About Sangamo’s ZFN Therapeutic Approach to Hemoglobinopathies
Sangamo’s proprietary ZFN genome-editing technology enables multiple approaches to the correction of SCD and beta-thalassemia. Both diseases manifest after birth, when patients switch from producing functional fetal gamma-globin to a mutant form of adult beta-globin, which results in their condition. Naturally occurring increased levels of therapeutic fetal hemoglobin have been shown to reduce the severity of both SCD and beta-thalassemia disorders in adulthood. In hematopoietic stem cells (HSCs), Sangamo’s genome editing can be used to precisely disrupt key transcriptional regulators to reverse the switch from expression of the mutant adult beta-globin back to the production of functional fetal gamma-globin, or the technology can be used to precisely insert a new corrected beta-globin gene to replace the defective copy. Data from this program were recently presented at the 55th Annual Meeting of the American Society of Hematology (ASH).
A bone marrow transplant (BMT), of HSCs from a “matched” related donor (allogeneic BMT) is curative for both diseases. However, this therapy is limited due to the scarcity of matched donors and the significant risk of Graft versus Host Disease (GvHD) after transplantation of the foreign cells.
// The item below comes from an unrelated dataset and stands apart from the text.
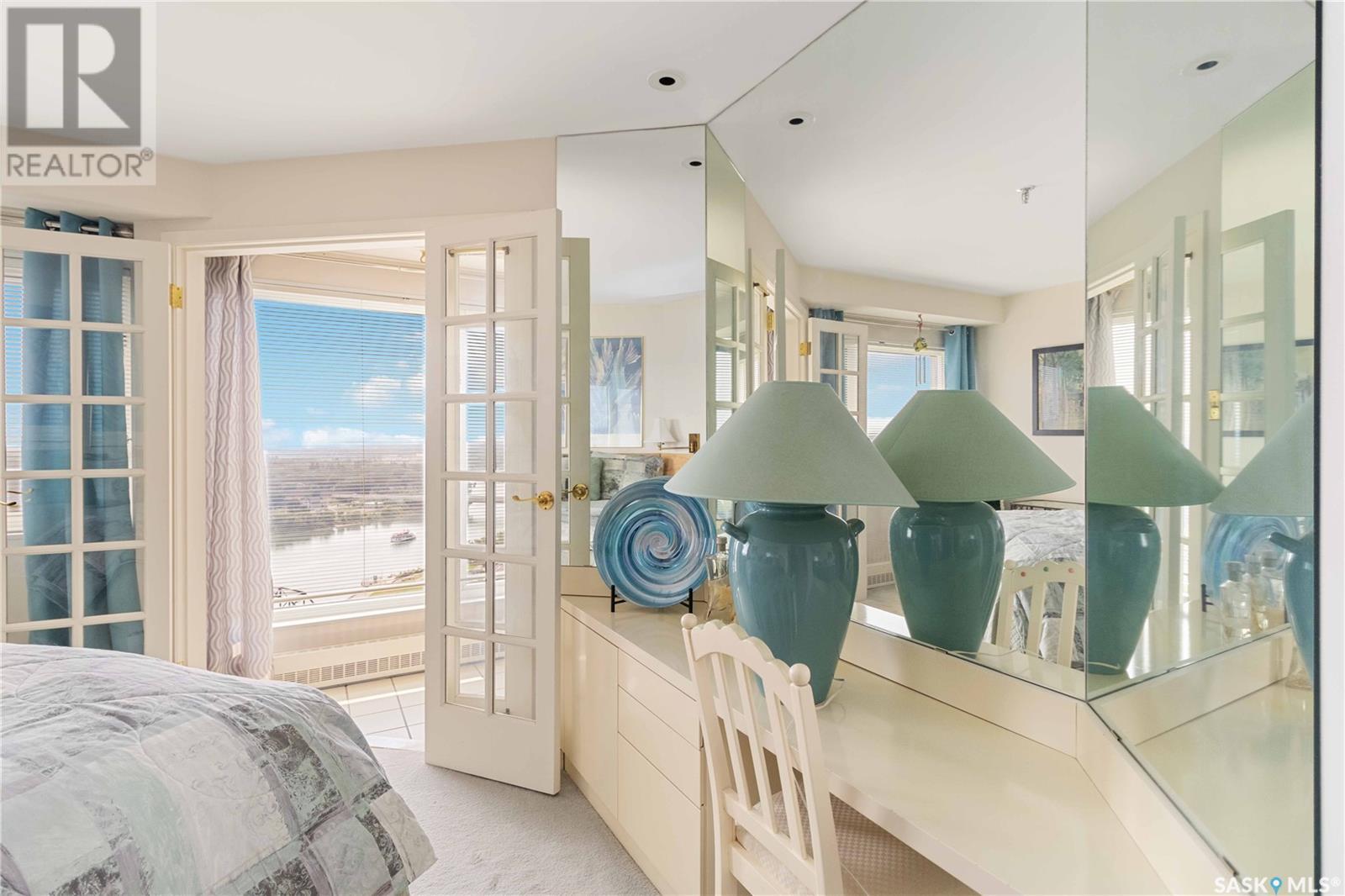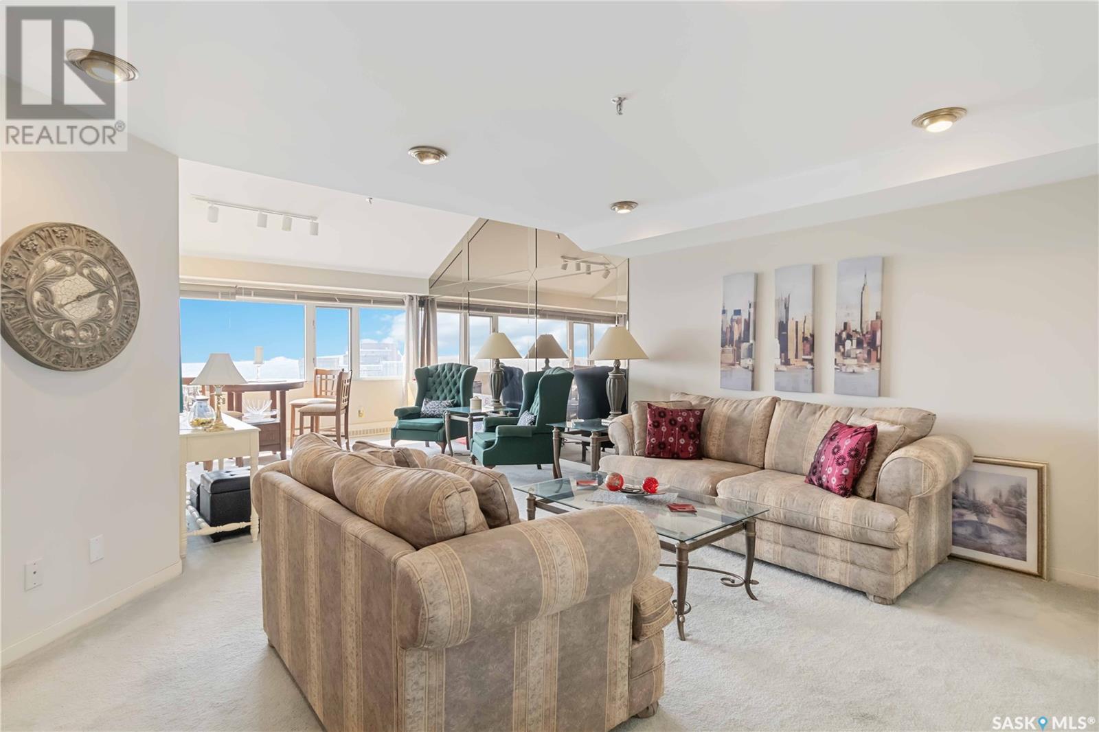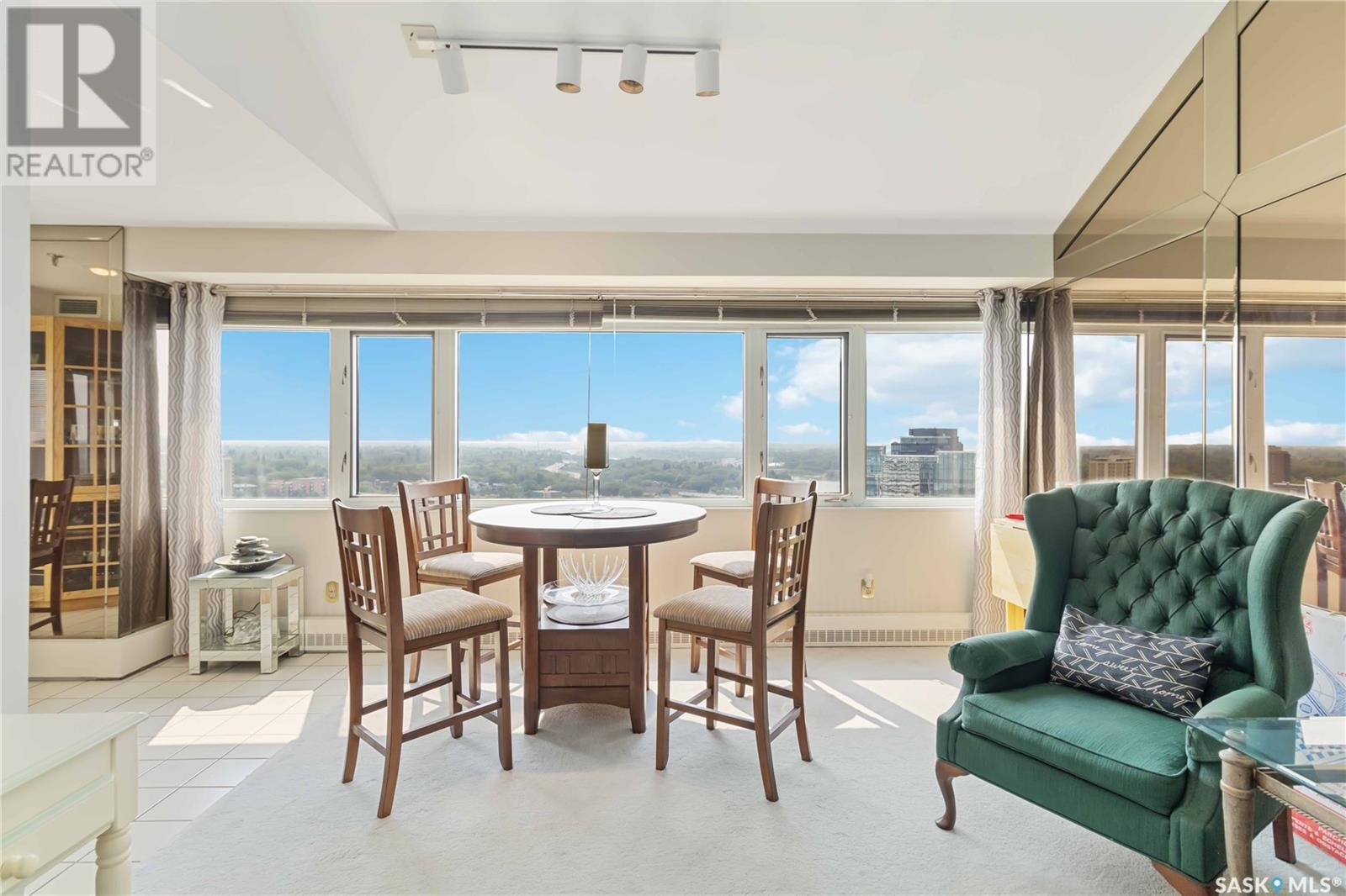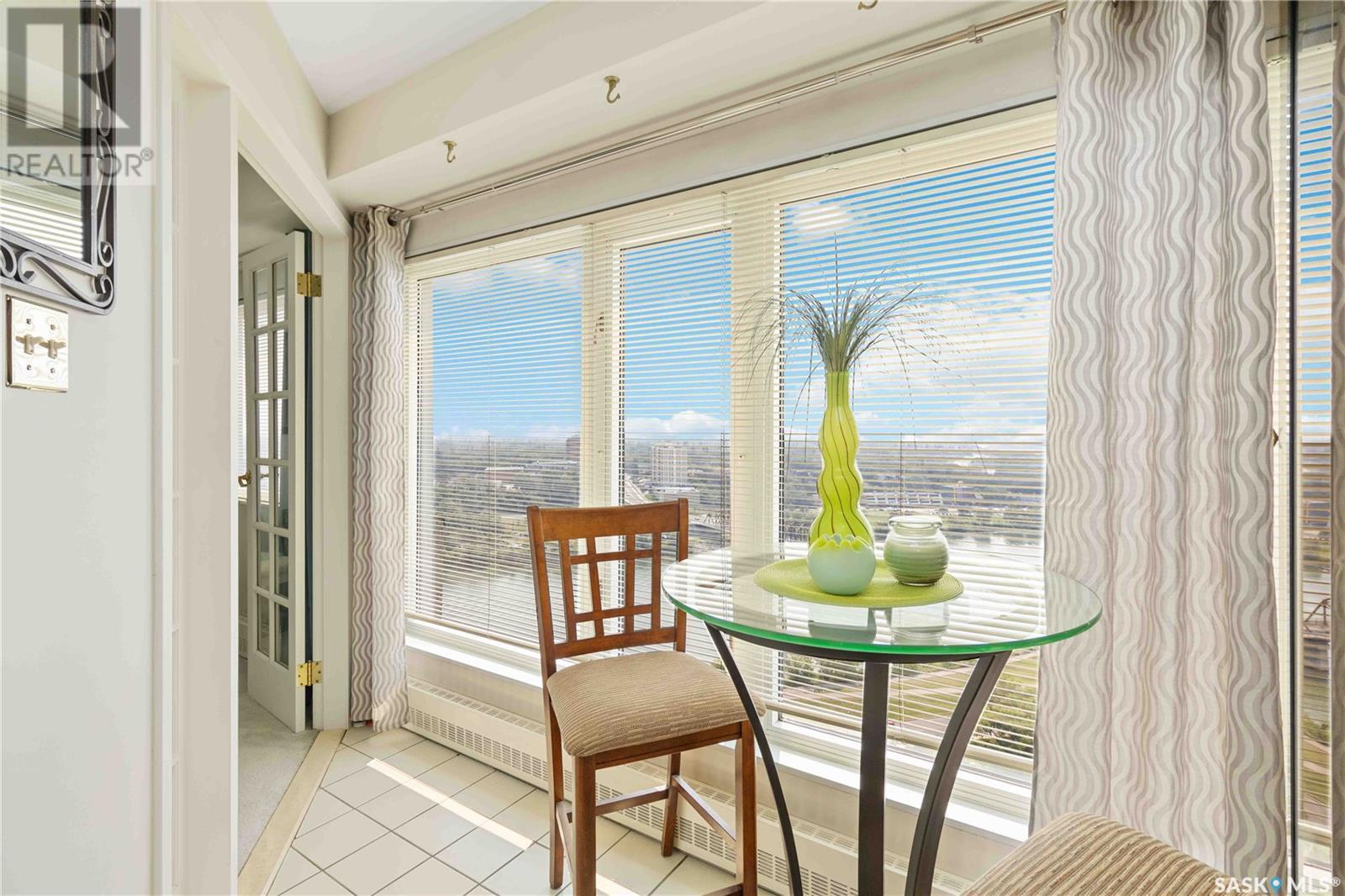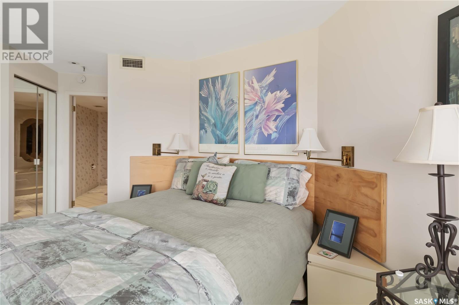 Penthouse suite! Absolutely one of a kind condo with some of the most amazing views in Saskatoon. This luxurious condo has gorgeous vaulted ceilings which offer the most spectacular framing of the incredible view. The master bedroom also has an unparalleled view and offers a large walk through closet and 5 piece bath complete with bidet and cultured marble jetted tub. The kitchen features built-in appliances and oak cabinetry, all of which display pride of ownership at its finest. This condominium provides the owner with access to the amenities at the hotel, including swimming pool, exercise area and discounts for owners in the restaurant. Also included is an underground parking stall and storage unit. Prepare yourself to experience this unique and rare opportunity! (id:43042)

By performing genome editing in HSCs that are isolated from and subsequently returned to the same patient, an autologous HSC transplant, Sangamo’s approach eliminates both the need for a matched donor and the risk of acute and chronic GvHD. The ultimate goal of this approach is to develop a one-time curative treatment for SCD and beta-thalassemia.
In May 2013, Sangamo was awarded a $6.4 million Strategic Partnership Award from the California Institute for Regenerative Medicine (CIRM) to develop this potentially curative ZFP Therapeutic for beta-thalassemia. The four-year grant provides matching funds for preclinical work that will support an IND application and a Phase 1 clinical trial in transfusion-dependent beta-thalassemia patients, which will be carried out at Children’s Hospital & Research Center Oakland, and City of Hope.
Mutations in the genes encoding beta-globin, a subunit of the oxygen-carrying protein of red blood cells, lead to the hemoglobinopathies SCD and beta-thalassemia. The mutation in beta-globin that gives rise to SCD causes the red blood cells to form an abnormal sickle or crescent shape making them adherent, fragile and less able to deliver oxygen to tissues, and they can become lodged in small blood vessels and interrupt healthy blood flow. These problems further decrease the amount of oxygen flowing to body tissues. Almost all patients with SCD have painful episodes (called crises), which can last from hours to days, and have progressive organ damage, resulting in shortened lifespan. Current standard of care is to manage and control symptoms, and to limit the number of crises. Current treatments, including blood transfusions, iron-chelation therapy and administration of hydroxyurea, pain medications and antibiotics, do not address the underlying cause of disease, and life expectancy remains substantially reduced in patients with SCD. The CDC estimates that there are currently 90,000 to 100,000 Americans living with SCD which occurs in approximately 1 out of every 500 African-American births and 1 out of every 36,000 Hispanic-American births.
There are several forms of beta-thalassemia caused by mutations in the beta-globin gene; broadly the disorder results in excessive destruction of red blood cells leading to life-threatening anemia, enlarged spleen, liver and heart, and bone abnormalities. Beta-thalassemia major is a severe form of thalassemia that requires regular, often monthly, blood transfusions and subsequent iron-chelation therapy to treat iron overload. The CDC estimates that 2,000 people have beta-thalassemia in the United States, and an unknown number carry the genetic trait and can pass it on to their children. Thalassemia is most common among people of Mediterranean descent and is also found among people from the Arabian Peninsula, Iran, Africa, Southeast Asia and Southern China.